Following their rating, customers the net promoter score categorizes into three types of consumers. Promoters give the highest rating, usually either a 9 or 10. They likely love the company’s products or services and enthusiastically share the company with others. The promoters make up the most loyal customers.
Passives consist of the middle group and provide a 7 or 8 score. Passives are likely satisfied with products and services. However, other competitor companies persuade passives to leave your business for service elsewhere. Passives probably do not speak ill of your business or encourage others to give your company business.
Detractors give the lowest score, a 6 or less. Detractors do not care about your company’s services and will likely not return to your company again for service. They may even speak ill of your company to others and persuade people from giving your company business.
Subtracting the percentage of customers who are detractors from the percentage of customers who are promoters calculates the net promoter score. If only promoters responded to your survey, your score would be 100. If only detractors responded to the survey, your score would be -100. Generally, net promoter scores fall somewhere in the middle.
Typical marketing funnels seek to highlight the customer journey, starting from brand awareness down to the purchase of products or services.
Software as a service (SaaS) emerged alongside the Internet and new cloud storage and computing technology. Combining SaaS technology with a typical marketing funnel outline creates the SaaS sales funnel, and businesses versed in SaaS marketing benefit.

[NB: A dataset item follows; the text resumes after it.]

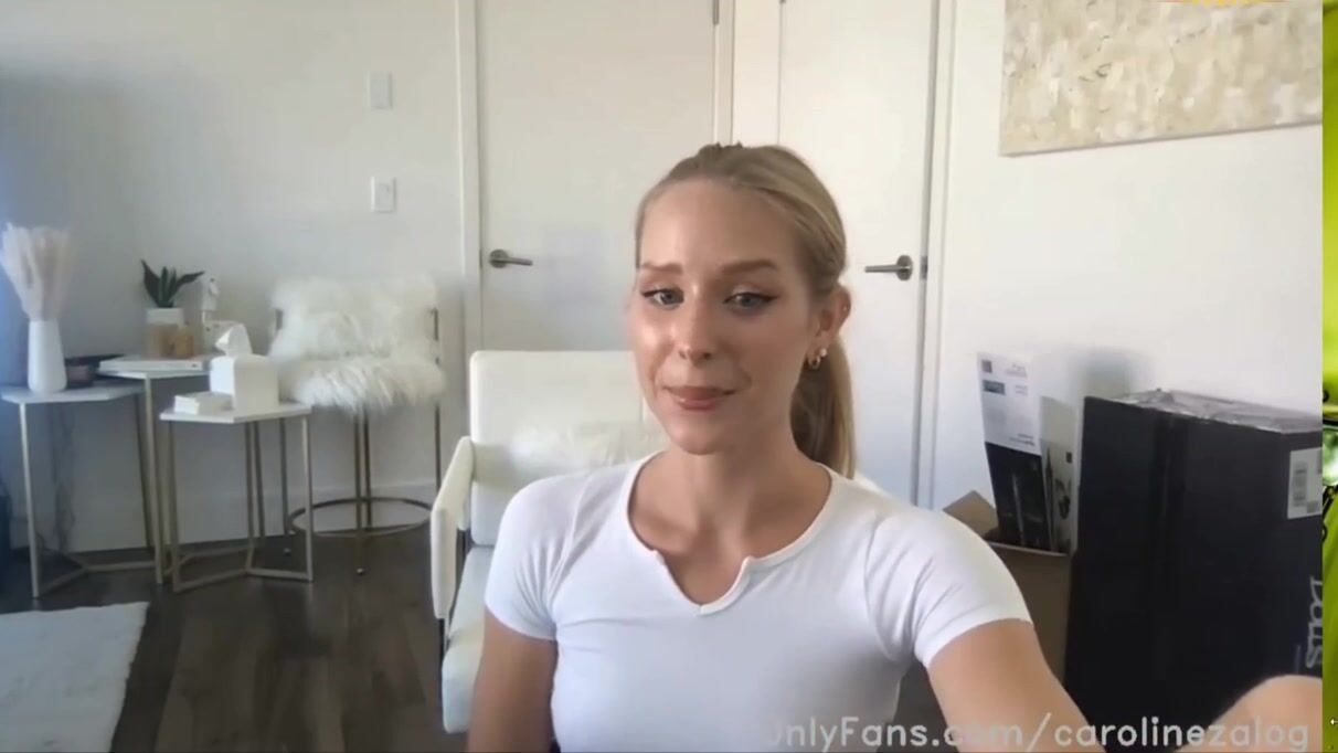 Caroline Zalog live - pink lingerie white tennis outfit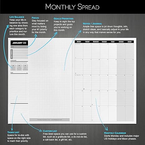 Monthly Planner 2018 Goal Agenda Calendar Journal Ultra Thin

The SaaS sales funnel provides a strategic approach to marketing SaaS and leads to a more interactive consumer-business relationship.
Particularly, the SaaS funnel offers modern businesses a new way to approach customer acquisition, business metrics, and customer retention. Technology transforms human communication and floods the world today, much to the advantage of businesses.
Within the last decade, the SaaS market took off. Now, relationship building from a business-consumer perspective presents new challenges and profits both company owner and consumer. Social media platforms, search engine optimization, and SaaS provide new ways to build consumer trust and engagement.
Understanding lead generation, lead conversion, and product sales permit businesses to capitalize on SaaS technology. Customer awareness, engagement, and intent work together to create lifetime buyers and promote brand loyalty.
Perfecting a business’s SaaS funnel and optimizing SaaS strategy encourages optimal growth and production.
Check out the following SaaS marketing funnel questions to clarify the process with your sales teams and marketing teams.
Different businesses have different numbers of stages depending on company needs.
SaaS sales funnel generally consists of 4 key stages:
1.Site Audience and Awareness
Audience tops your SaaS funnel; the audience consists of the number of people who come to your site.
Most SaaS companies offer a free trial that leads to a paid trial. After a person visits your site, marketing automation launches the free trial and sign-up stage.
After the free sign-up, use SaaS technology to track potential customers. Monitor how leads interact with your product.
4. Customer Loyalty
Every company needs customer retention and paying customers. Customers trigger the last step of the SaaS model when they pay for your product.
Marketers use the sales funnel approach to engage potential customers with a company’s service or product.
A sales funnel visualizes the customer journey process. Typically, a sales funnel illustrates every stage of the sales process, starting with brand awareness and ending when a customer makes a purchase and stays loyal to the company.
The SaaS sales process starts with a product sign-up or other ways to onboard new subscribers. Typically, the SaaS sales process ends with a paid renewal option.
The free to paid trial pipeline serves as an example of a SaaS sales process.